Печать владыки всех людей.
 
   И в безмолвии притихших гостей вдруг раздался боевой клич монголов, бросающихся в атаку:
   – Кху-кху-кху!
   Узнав голос хозяина, заржали привязанные за полотнищами шатра любимые жеребцы Чингисхана. Через несколько мгновений во всех концах лагеря стали перекликаться монгольские кони.
   Елю Чуцай бережно, двумя руками, принял пергамент, а Чингисхан сказал резко и отрывисто:
   – Письмо отослать! На мусульманскую границу! Немедленно! Гонцу дать охрану! Триста всадников!.. – Повернувшись к сидевшим, каган заговорил снова ласково, мурлыкающим голосом: – А мы будем продолжать наш пир и мирно беседовать. Скоро в мусульманских городах наша душа будет радоваться. Там мы повеселимся! Я уже вижу, как от лошадиного пота туманом затянутся вспаханные поля, как будут бежать испуганные люди и визжать звериным криком увлекаемые арканами женщины; там реки потекут красные, как это вино, и закоптелое небо раскалится от дыма горящих селений…
   Он зажмурил глаза и, подняв толстый короткий палец, прислушался, как по всему лагерю продолжали перекликаться жеребцы.
   Сидевшие заговорили вполголоса: «Кажется, поход уже близко…» – и, как подобает большим военачальникам, степенно сдвигали золотые чаши, желая друг другу удачи, и беседовали о предстоящих великих днях.

Часть пятая
Вторжение невиданного народа

Глава первая
Кто не защищается – погибает

   После вторжения монголов мир пришел в беспорядок, как волосы эфиопа.
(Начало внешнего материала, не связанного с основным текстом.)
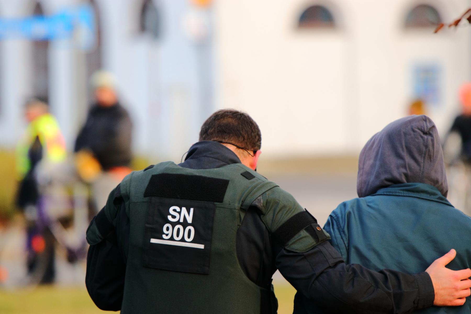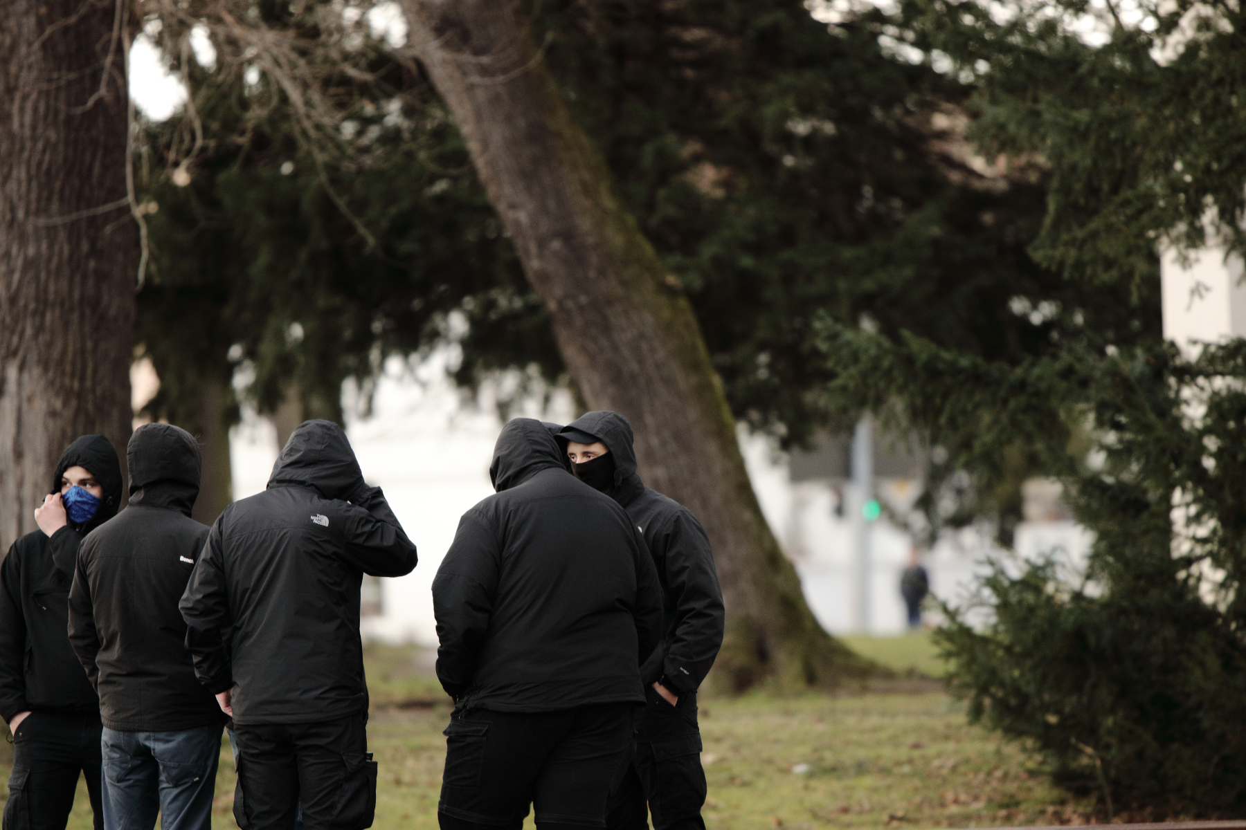 Samstagmittag waren schon Neonazis unterwegs in Wurzen, patrouillierten durch die Stadt. Zwar wurde die fünfzehn Personen starke Gruppe frühzeitig von Polizisten angehalten, doch kontrolliert wurde sie scheinbar nicht. Nur kurze Zeit später tauchten die 16- bis 25-Jährigen bei der linken Kundgebung im Stadtpark auf, vermummten sich mit Sturmhauben und Tüchern. Nur wenige Polizisten stellten sich vor die Rechtsextremen. Nach einer halben Stunde begleiteten sie die Vermummten bis zu einem Supermarkt am Ende des Parks. Wenig später meldeten die Rechtsextremen eine eigene Kundgebung an.

Люди стали подобны волкам.
Саади, XIII в.

   Получив от Чингисхана грозное письмо в шесть слов, хорезм-шах Мухаммед приказал спешно окружить свою новую столицу Самарканд прочной стеной, несмотря на огромные ее размеры: длина стены должна была составить 12 фарсахов.[100]
   Шах послал сборщиков податей во все части государства для выколачивания налогов за три года вперед, хотя налоги и за текущий год были собраны с трудом.
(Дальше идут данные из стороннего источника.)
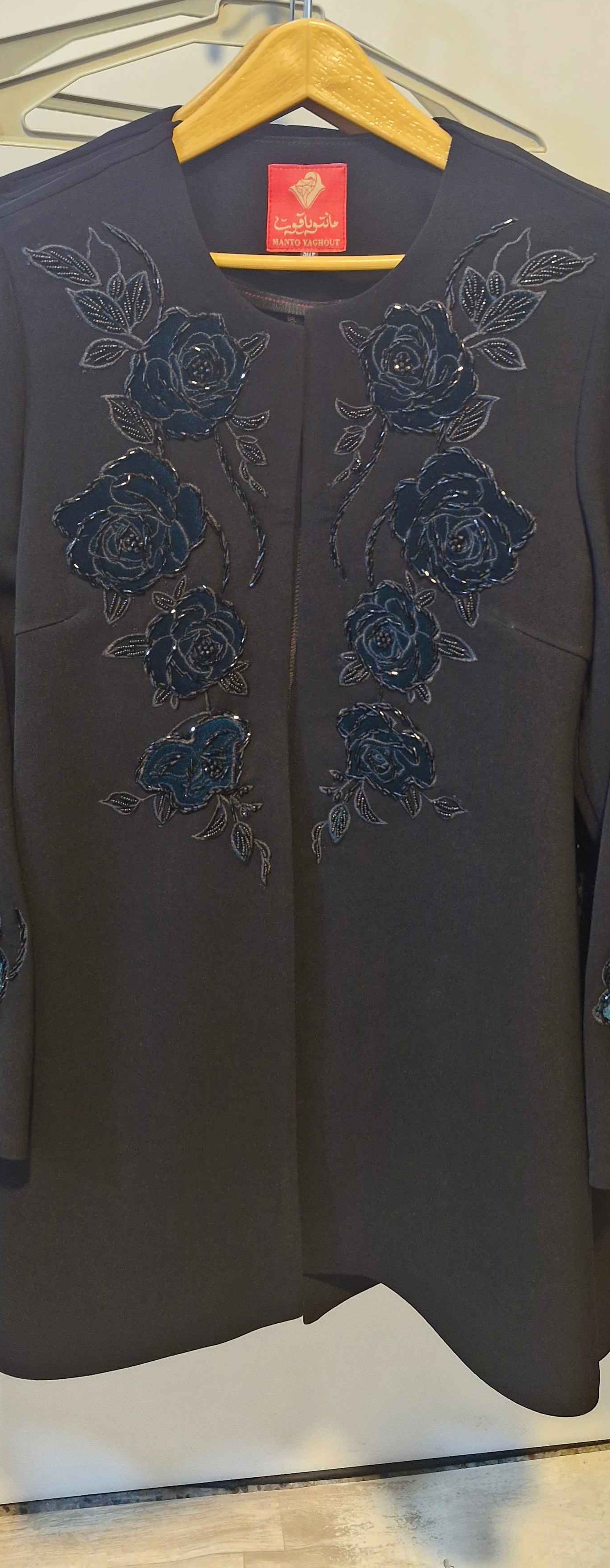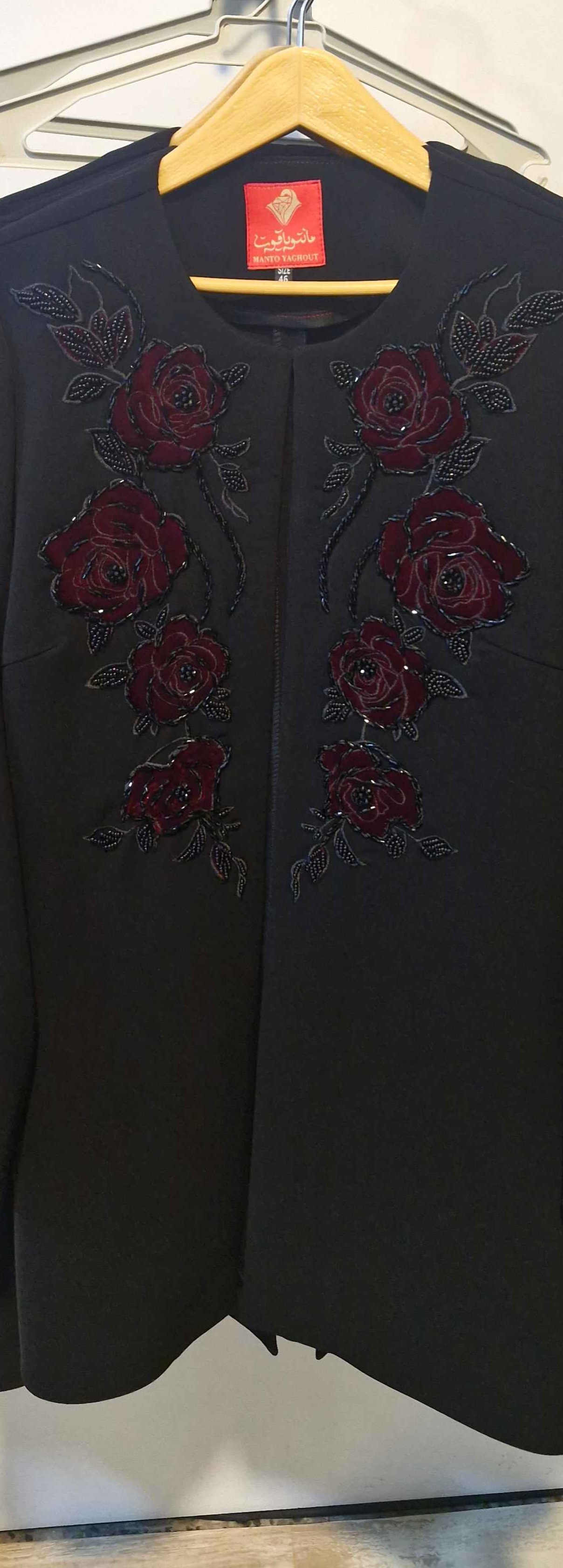 کت مدل گل روز مشکی پارچه کرپ اندونزی وارداتی درجه یک کیفیت روخت و پارچه تضمینی گل دوزی و جواهر دوزی شده

   Шах приказал также создать отряды стрелков из лука. Лучники должны были явиться на сборные места на коне со своим вооружением и с запасом еды на несколько дней.
   Наконец шах повелел немедленно сжечь все селения, расположенные на правом берегу реки Сейхун до восточной границы с кара-китаями, в стране которых появились монголы. Жителей сожженных селений шах приказал изгнать из опустошенной полосы, чтобы монголы, проходя по сожженной местности, не нашли себе там ни крова, ни пищи. Но озлобленное население выжженной полосы убежало к кара-китаям, где мужчины вступили в отряды монголов.
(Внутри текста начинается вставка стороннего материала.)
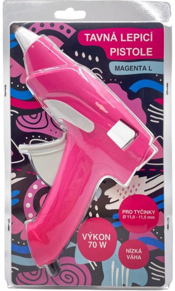 Lepicí pistole MAGENTA L, 70 W, O 11 - 11,5 mm, MAGENTA S, 25 W, O 7 - 7,5 mmHorká lepicí pistole je přenosné ruční zařízení, které slouží k roztavení tuhého lepidla a jeho mechanickému nanesení pomocí hrotu nebo krátké kuličky na lepené nebo fixované plochy. Pistole se skládá z tavné komory, která je zahřívána na konstantní teplotu elektrickým topným článkem. Pistole je vybavena podávacím zařízením, kterým se tyčinka zasouvá do tavné komory. Tyč se do tavicí komory posouvá stisknutím spouště. Otvor slouží k vložení tyčinky tavného lepidla.

   Пока прибывали войска со всех концов Хорезма, шах находился в Самарканде. Окруженный раболепной свитой, он посещал мечети, где слушал красноречивые проповеди шейх-уль-ислама. Он усердно молился на глазах многочисленных правоверных, стоявших стройными рядами на площади перед мечетью. Вместе с ними он опускался на колени и громко вслед за имамом повторял молитвы.
   В начале года Дракона (1220) хорезм-шах Мухаммед созвал чрезвычайный совет из главных военачальников, знатных беков, высших сановников и седобородых имамов.
   Все ожидали мудрых и смелых решений, вселяющих бодрость и надежды, от «нового Искендера», «Мухаммеда-воина», как его стали называть со времени разгрома взбунтовавшегося Самарканда и похода в Кипчакскую степь. Усевшись тесным кругом на коврах, все, ожидая шаха, говорили о его военном опыте, о том, что он, конечно, сумеет быстро и победоносно вывести страну из беды.
   Тимур-Мелик рассказывал:
   – Сегодня падишах объезжал укрепления Самарканда и осматривал работы. Он долго наблюдал, как тысячи согнанных отовсюду поселян и рабов копали рвы. Земля замерзла и плохо поддавалась ударам лопаты. Шах рассердился и крикнул: «Если вы будете так медленно работать, то дикие татары, примчавшись, только побросают в городские рвы свои плети, и рвы наполнятся ими доверху». Это услыхали работавшие, и сердца их наполнились ужасом. «Неужели, – сказали они, – у Чингисхана так много воинов?»